It was only with the widespread use of motor cars in the 1900s that the Dalmatian’s niche job disappeared. The breed’s popularity fell, but picked up again when breeders developed a fondness for these two-tone beauties in the late 1900s. Their popularity was boosted in the USand elsewhere in 1956 with the publication of the bestselling children's novel 101 Dalmatians by Dodie Smith, and then by the Disney film of the same name that appeared in 1961.


Dalmatians are big, active dogs, and they need lots of space and plenty of exercise. It is very hard to tire out a Dalmatian! They make ideal jogging and running partners, (and riding companions too, being good around horses), and without lots of exercise, they will quickly become bored. Being naturally highly strung, boredom can cause them to become destructive.
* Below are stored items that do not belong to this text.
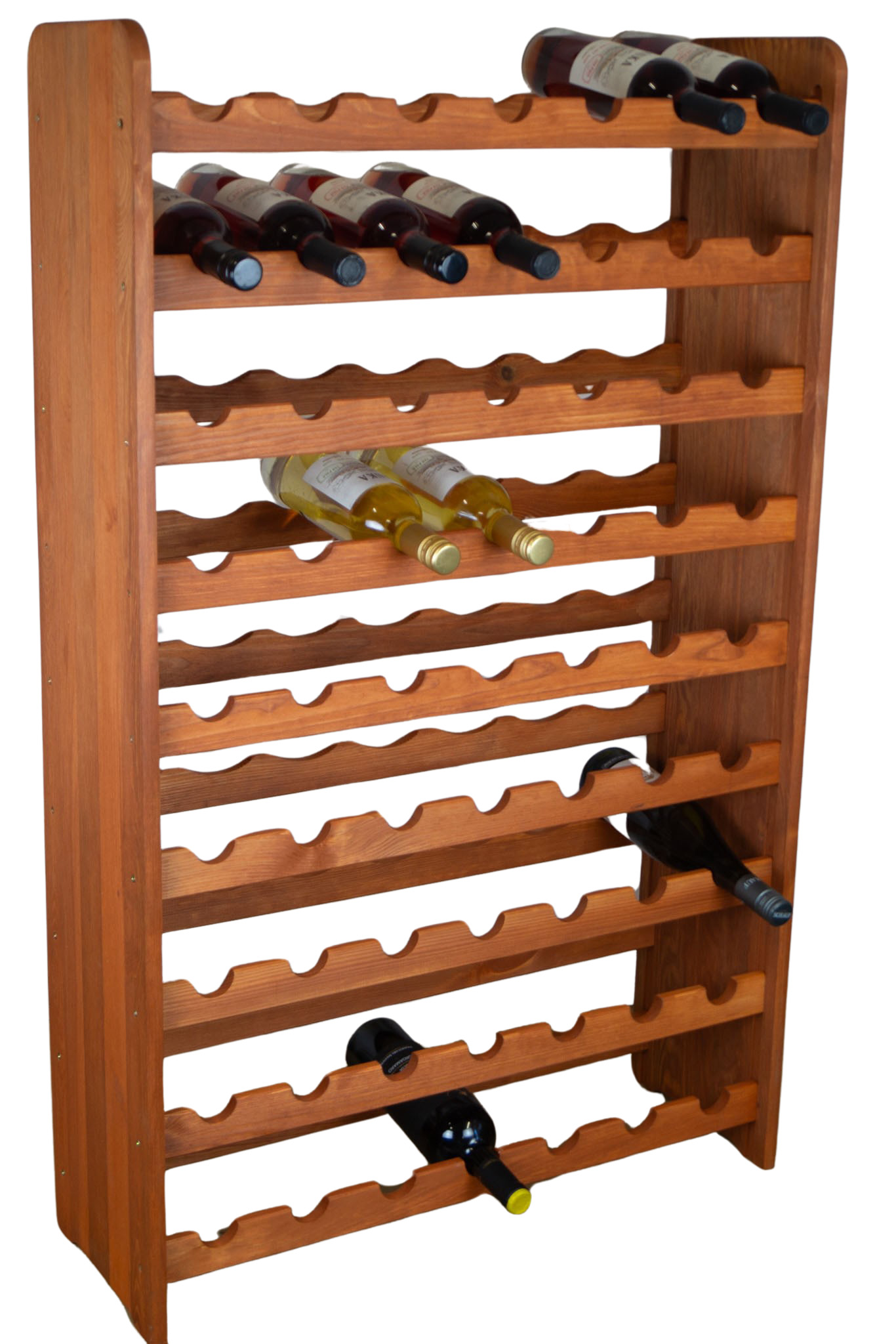 - Das Weinregal bietet Platz für 63 Flaschen
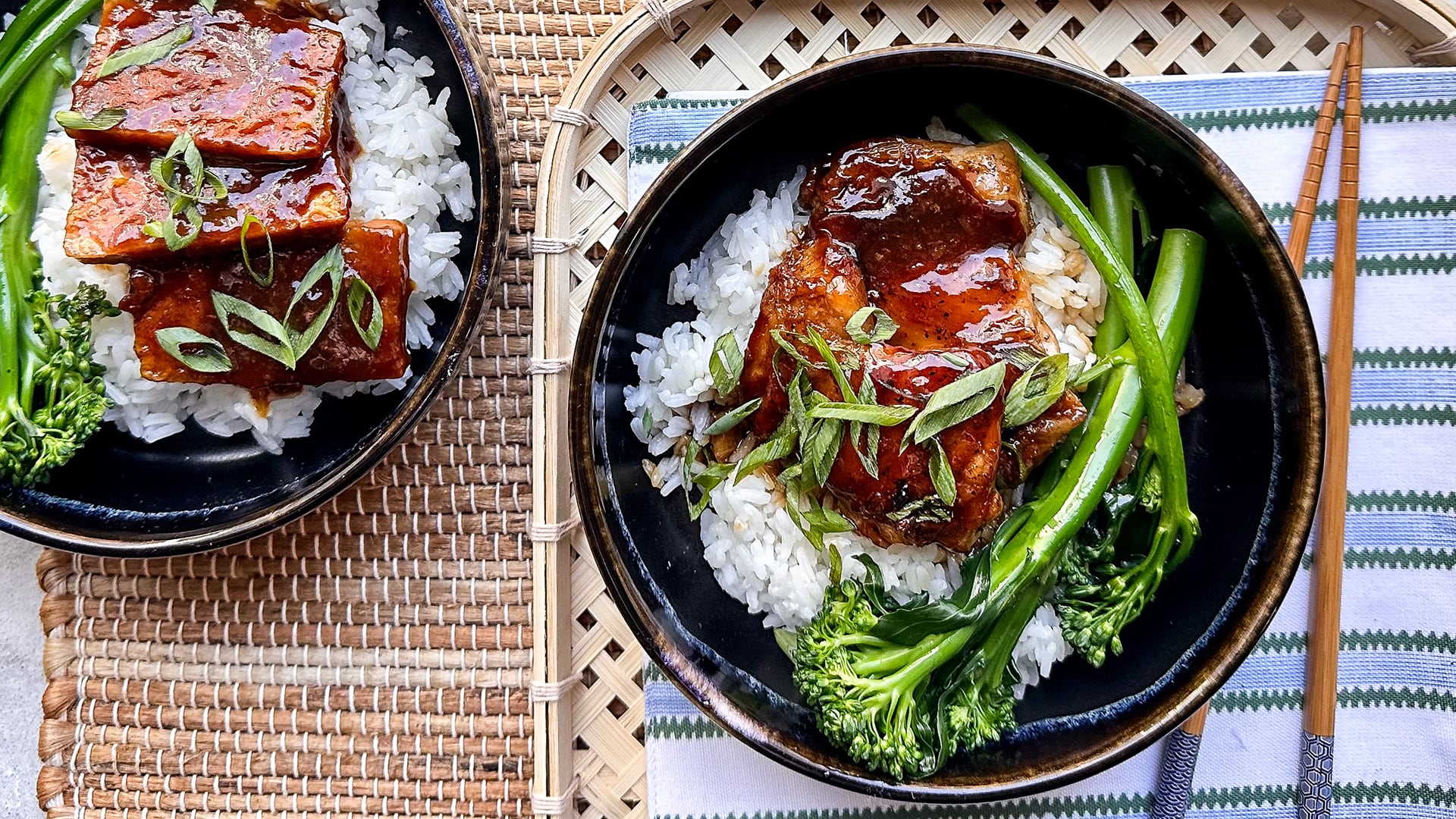 - To serve, divide the rice into serving bowls and add on the broccolini. Slice the chicken and divide into the bowls and pour over some of the reserved teriyaki sauce. Serve scattered with thinly sliced green onions.
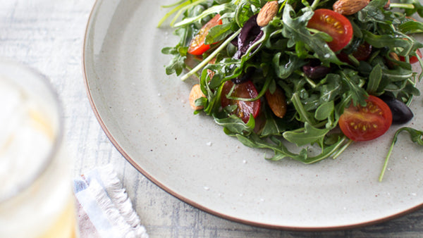 This arugula salad has a tasty blend of peppery arugula, cherry tomatoes, and toasted almonds. It’s finished with a refreshing, tart, and lightly sweetened dressing to highlight it.

Dalmatians are intelligent, and benefit from early training. They will take advantage of a weak owner, so you always need to let them know who’s boss. Once properly trained and socialized, they are family friendly and fit in well, as long as they receive lots of exercise. They are protective of their family and are often aggressive toward strangers, whether canine or human. Socialization from a young age and lots of visitors will prevent this.

Dalmatians have smooth coats, but they still shed lots of hair. Brushing once or twice a week is therefore recommended.


Dalmatians are playful and energetic, and love exercise and play time. You should only consider getting one if you have sufficient time and a lifestyle that accommodates a demanding dog.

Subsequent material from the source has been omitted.